Klarna has recorded operating losses of around £500 million (SEK 6.2 billion) in the first six months of the year.
The figures come months after the Buy Now, Pay Later (BNPL) firm saw its valuation drop by 90 per cent after a $800 million funding round.
The company said that the losses were driven by an increase in employee costs and credit losses as a result of its market expansion, as well as continued investment in the business.
Following its latest funding round, Klarna admitted that it had not been immune to “significant downdrafts” of FinTech stock in public markets.

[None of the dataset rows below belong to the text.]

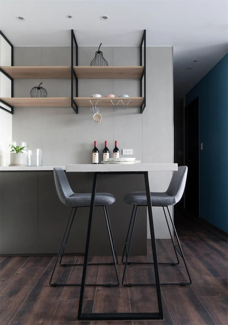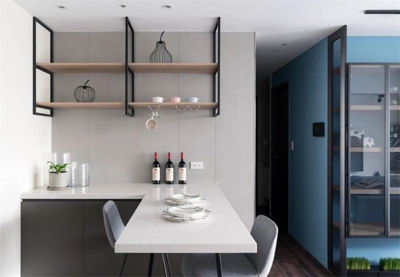 餐廳采用簡潔大方的白色大理石餐桌,搭配灰色布藝餐椅,整體色調和諧統一,帶來極致的用餐體驗。餐桌上方的開放式木質擱架設計簡約實用,不僅提供了充足的儲物空間,還成為展示個性和收藏愛好的小天地。桌面上整齊擺放的餐具和酒品,彰顯了主人對生活的精致追求。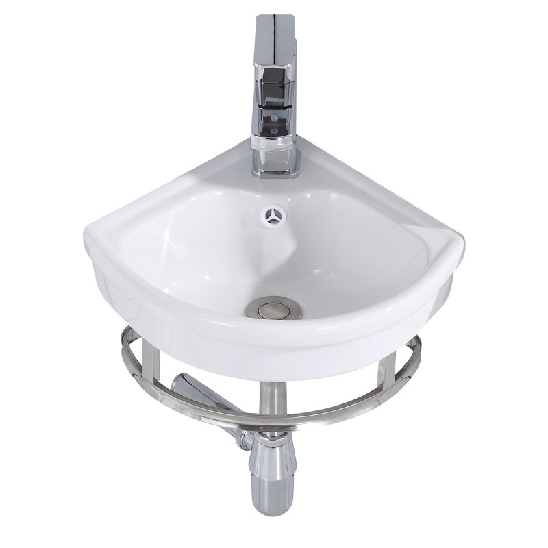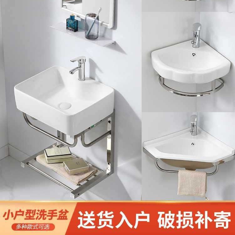 小户型简易洗脸盆陶瓷三角转角挂墙式不锈钢支架台阳洗手盆面盆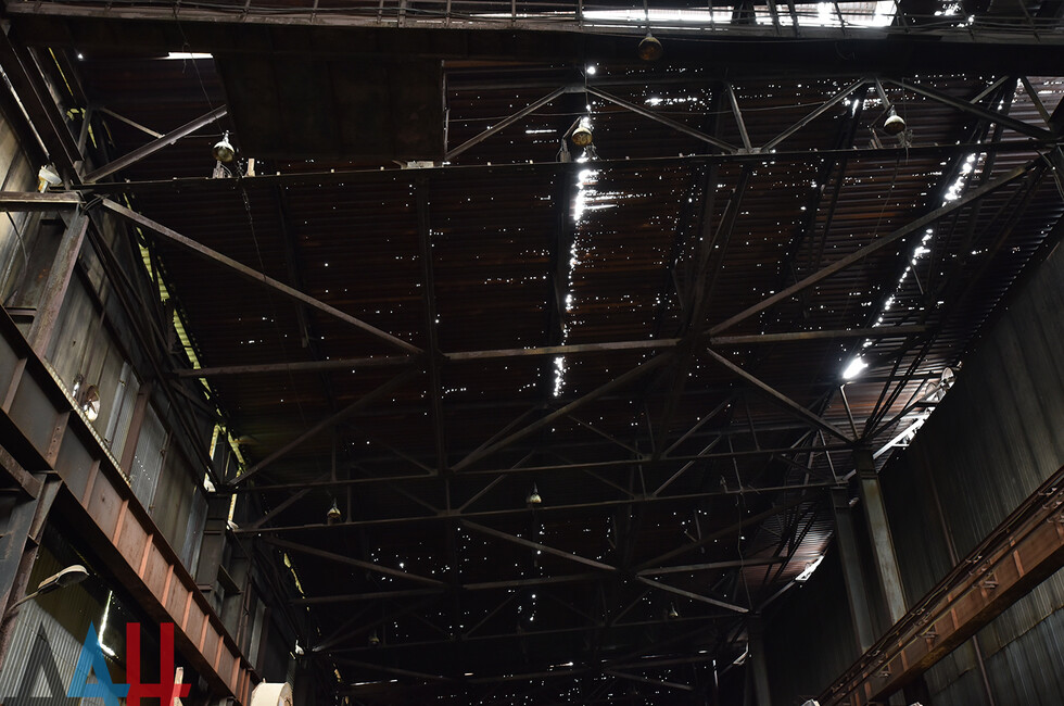 Завод расположен в Куйбышевском районе Донецка. Примерно в 6 км к северу украинские окопы. К обстрелам на предприятии люди привыкшие. Говорят, что с 2014 года по территории пришлось около 40 попаданий артиллерийских снарядов. Производственные цеха и сегодня несут следы тех ударов: повреждены кровли зданий, в стенах довольно внушительные пробоины.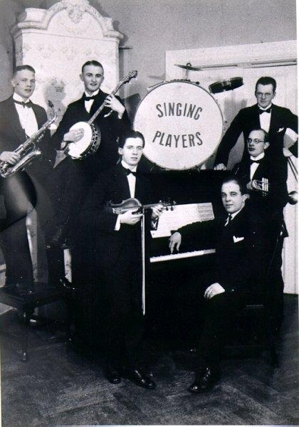 Dansband. Falköpingsorkestern "Singing Players" på K3:s Officersmäss i Skövde omkring 1930. Från vänster: Johannes Andersson, Alvar "Putte" Sandberg, Lars Halldén, Gösta Olsson, H. Kullberg och Gösta Alexandersson.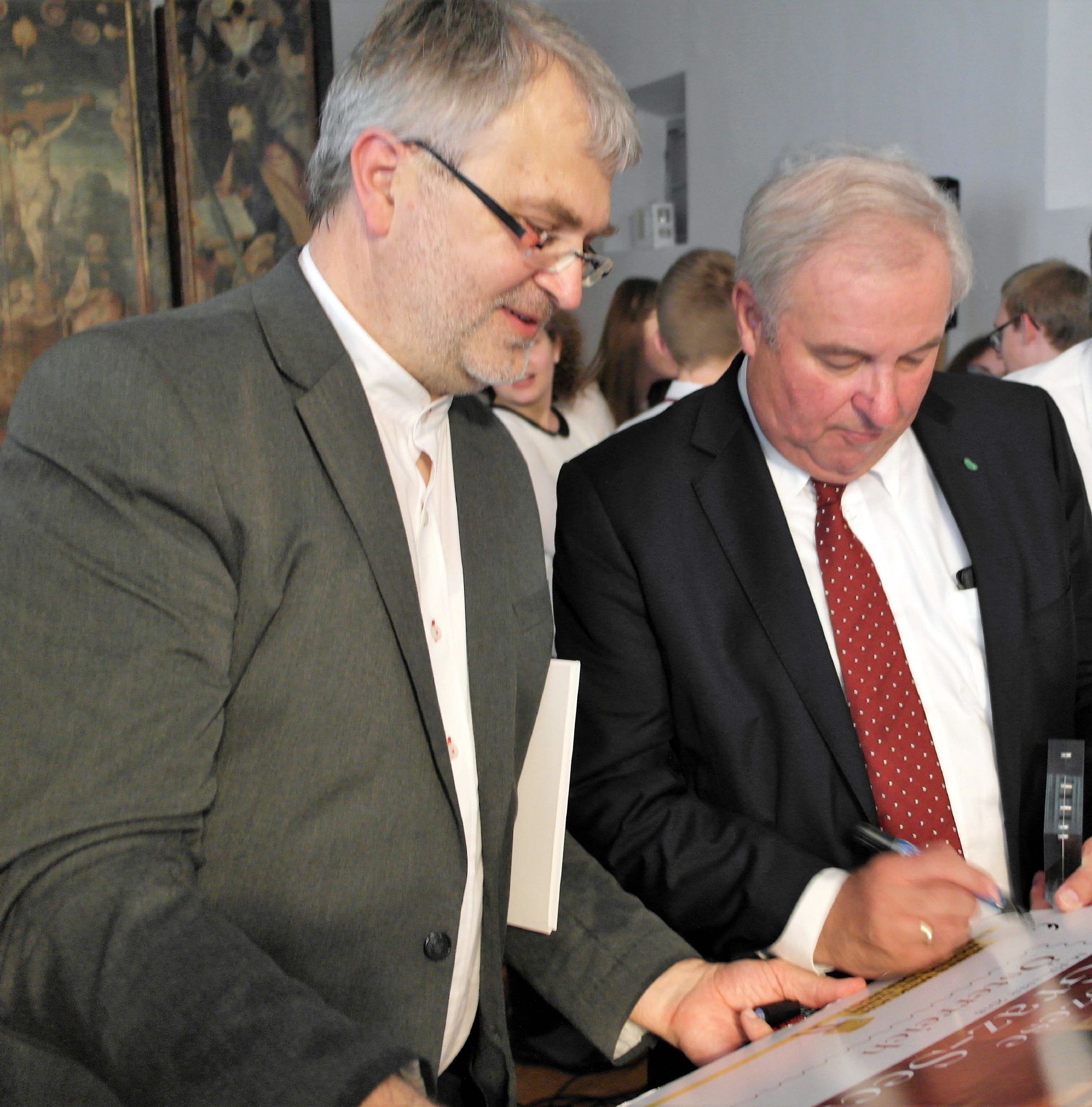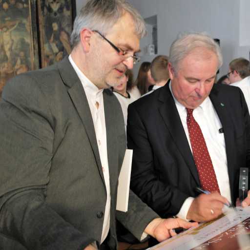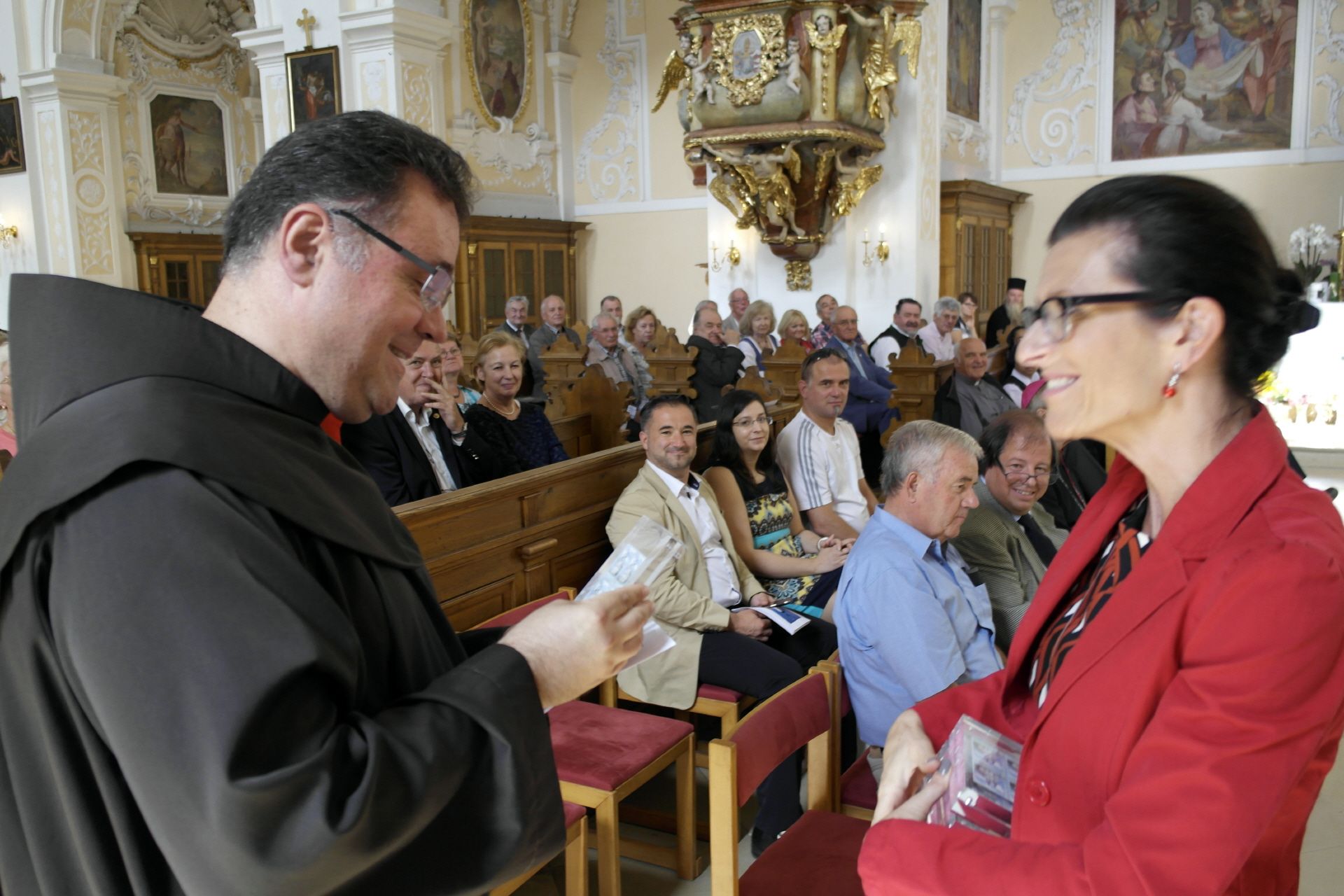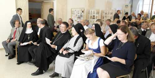 Legende Bild links: v.l.n.r.: HR Dr. Karl Ohnmacht (Ehrenobmann Gilde St. Gabriel), Abt Paisios Jung, Ing. Alfred Kunz (Präs. Stellvertr. VÖPh), Manfred Reithofer (Österr. Post AG), Mag. Wilhelm Remes (Obmann Gilde St. Gabriel), Bischof Franti ek Rabek (Slowakei), Pfr. Jan Vallo (slowak. Gilde St. Gabriel), Pfr. P. Mag. Thomas Lackner OFM, Mag. Gerlinde Scholler (Österr. Post AG), Kirsten Lubach, Provinzsekretär Br. Pascal M. Hollaus OFM.

In a statement to shareholders, Klarna’s chief executive Sebastian Siemiatkowski said that the business would tighten its approach to credit losses and sometimes lend less to consumers, particularly to new customers.
The chief exec also mentioned the company’s decision to cut its workforce by 10 per cent earlier this year because of the current volatile economic environment.
“We’ve had a few years now where growth has been really heavily prioritised by investors,” Siemiatkowski told investors. “Now, understandably, they want to see profitability. We’ve had to make some tough decisions, ensuring we have the right people, in the right place, focused on business priorities that will accelerate us back to profitability while supporting consumers and retailers through a more difficult economic period.”
In May, the BNPL business said it would drop around 700 jobs, despite the company introducing a worldwide hybrid working policy earlier in the month and saying that the pandemic had proven significant growth and success could be achieved with flexible working.